**WORK TO BE COMPLETED**: The reply is to contain the full listing, repeated exactly, with pictures left out.

**COLLECTED DATA**:
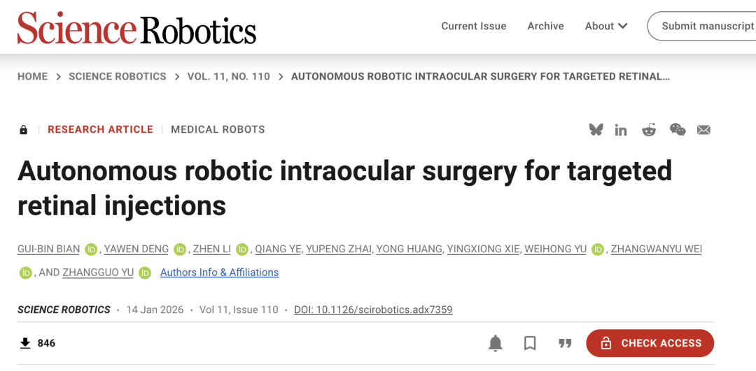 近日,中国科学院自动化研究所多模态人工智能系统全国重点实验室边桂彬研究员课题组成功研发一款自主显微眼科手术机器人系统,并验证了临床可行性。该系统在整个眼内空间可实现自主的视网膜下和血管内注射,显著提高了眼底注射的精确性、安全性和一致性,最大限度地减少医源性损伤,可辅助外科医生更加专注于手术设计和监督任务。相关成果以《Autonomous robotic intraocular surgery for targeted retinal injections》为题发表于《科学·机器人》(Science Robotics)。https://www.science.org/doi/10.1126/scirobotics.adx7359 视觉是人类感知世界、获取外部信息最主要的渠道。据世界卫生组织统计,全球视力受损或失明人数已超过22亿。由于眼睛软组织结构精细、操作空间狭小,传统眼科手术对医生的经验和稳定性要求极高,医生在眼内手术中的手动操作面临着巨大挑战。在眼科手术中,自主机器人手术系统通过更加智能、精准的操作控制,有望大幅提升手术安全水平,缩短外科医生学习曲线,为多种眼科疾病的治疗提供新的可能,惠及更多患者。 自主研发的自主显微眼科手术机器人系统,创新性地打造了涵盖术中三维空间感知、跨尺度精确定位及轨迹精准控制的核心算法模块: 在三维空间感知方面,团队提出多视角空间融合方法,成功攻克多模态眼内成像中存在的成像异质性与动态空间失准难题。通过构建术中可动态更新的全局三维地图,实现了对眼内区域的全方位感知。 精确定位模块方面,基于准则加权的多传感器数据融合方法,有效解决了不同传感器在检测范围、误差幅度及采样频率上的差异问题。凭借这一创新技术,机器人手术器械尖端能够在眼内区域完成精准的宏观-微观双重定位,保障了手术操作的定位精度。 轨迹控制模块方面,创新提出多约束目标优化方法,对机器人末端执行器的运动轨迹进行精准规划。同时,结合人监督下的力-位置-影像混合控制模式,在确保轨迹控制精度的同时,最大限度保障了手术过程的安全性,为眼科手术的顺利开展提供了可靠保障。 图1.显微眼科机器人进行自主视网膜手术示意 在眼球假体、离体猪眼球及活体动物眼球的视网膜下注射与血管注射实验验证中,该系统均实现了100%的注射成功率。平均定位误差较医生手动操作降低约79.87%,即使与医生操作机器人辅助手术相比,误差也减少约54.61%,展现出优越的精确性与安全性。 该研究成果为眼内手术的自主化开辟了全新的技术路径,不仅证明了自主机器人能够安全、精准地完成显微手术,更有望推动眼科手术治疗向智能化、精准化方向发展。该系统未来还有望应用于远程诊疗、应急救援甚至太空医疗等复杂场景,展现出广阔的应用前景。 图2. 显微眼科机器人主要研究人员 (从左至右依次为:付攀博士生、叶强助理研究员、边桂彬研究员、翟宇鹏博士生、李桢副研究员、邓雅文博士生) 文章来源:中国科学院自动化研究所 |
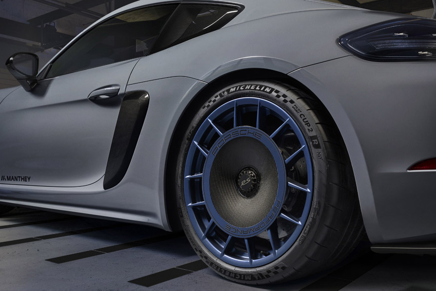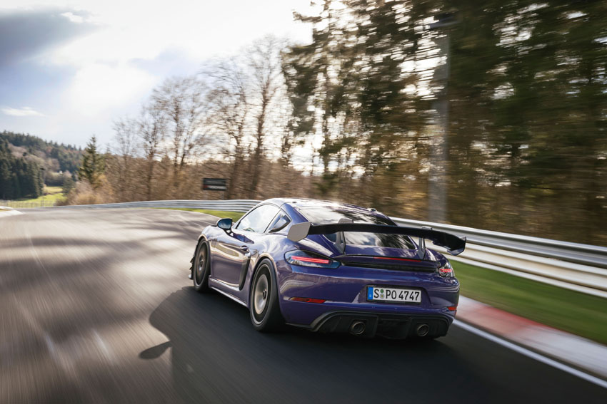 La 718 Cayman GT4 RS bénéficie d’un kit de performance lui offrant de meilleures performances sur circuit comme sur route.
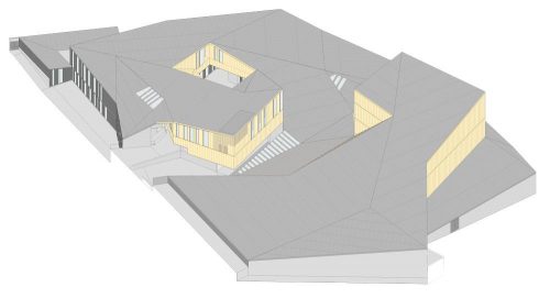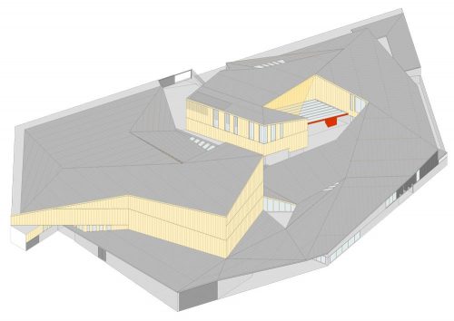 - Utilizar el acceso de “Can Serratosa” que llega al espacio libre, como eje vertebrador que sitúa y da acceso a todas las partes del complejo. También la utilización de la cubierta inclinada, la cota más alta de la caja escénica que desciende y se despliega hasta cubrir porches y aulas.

**RESPONSE AREA**:
 近日,中国科学院自动化研究所多模态人工智能系统全国重点实验室边桂彬研究员课题组成功研发一款自主显微眼科手术机器人系统,并验证了临床可行性。该系统在整个眼内空间可实现自主的视网膜下和血管内注射,显著提高了眼底注射的精确性、安全性和一致性,最大限度地减少医源性损伤,可辅助外科医生更加专注于手术设计和监督任务。相关成果以《Autonomous robotic intraocular surgery for targeted retinal injections》为题发表于《科学·机器人》(Science Robotics)。https://www.science.org/doi/10.1126/scirobotics.adx7359 视觉是人类感知世界、获取外部信息最主要的渠道。据世界卫生组织统计,全球视力受损或失明人数已超过22亿。由于眼睛软组织结构精细、操作空间狭小,传统眼科手术对医生的经验和稳定性要求极高,医生在眼内手术中的手动操作面临着巨大挑战。在眼科手术中,自主机器人手术系统通过更加智能、精准的操作控制,有望大幅提升手术安全水平,缩短外科医生学习曲线,为多种眼科疾病的治疗提供新的可能,惠及更多患者。 自主研发的自主显微眼科手术机器人系统,创新性地打造了涵盖术中三维空间感知、跨尺度精确定位及轨迹精准控制的核心算法模块: 在三维空间感知方面,团队提出多视角空间融合方法,成功攻克多模态眼内成像中存在的成像异质性与动态空间失准难题。通过构建术中可动态更新的全局三维地图,实现了对眼内区域的全方位感知。 精确定位模块方面,基于准则加权的多传感器数据融合方法,有效解决了不同传感器在检测范围、误差幅度及采样频率上的差异问题。凭借这一创新技术,机器人手术器械尖端能够在眼内区域完成精准的宏观-微观双重定位,保障了手术操作的定位精度。 轨迹控制模块方面,创新提出多约束目标优化方法,对机器人末端执行器的运动轨迹进行精准规划。同时,结合人监督下的力-位置-影像混合控制模式,在确保轨迹控制精度的同时,最大限度保障了手术过程的安全性,为眼科手术的顺利开展提供了可靠保障。 图1.显微眼科机器人进行自主视网膜手术示意 在眼球假体、离体猪眼球及活体动物眼球的视网膜下注射与血管注射实验验证中,该系统均实现了100%的注射成功率。平均定位误差较医生手动操作降低约79.87%,即使与医生操作机器人辅助手术相比,误差也减少约54.61%,展现出优越的精确性与安全性。 该研究成果为眼内手术的自主化开辟了全新的技术路径,不仅证明了自主机器人能够安全、精准地完成显微手术,更有望推动眼科手术治疗向智能化、精准化方向发展。该系统未来还有望应用于远程诊疗、应急救援甚至太空医疗等复杂场景,展现出广阔的应用前景。 图2. 显微眼科机器人主要研究人员 (从左至右依次为:付攀博士生、叶强助理研究员、边桂彬研究员、翟宇鹏博士生、李桢副研究员、邓雅文博士生) 文章来源:中国科学院自动化研究所 |
 La 718 Cayman GT4 RS bénéficie d’un kit de performance lui offrant de meilleures performances sur circuit comme sur route.
 - Utilizar el acceso de “Can Serratosa” que llega al espacio libre, como eje vertebrador que sitúa y da acceso a todas las partes del complejo. También la utilización de la cubierta inclinada, la cota más alta de la caja escénica que desciende y se despliega hasta cubrir porches y aulas.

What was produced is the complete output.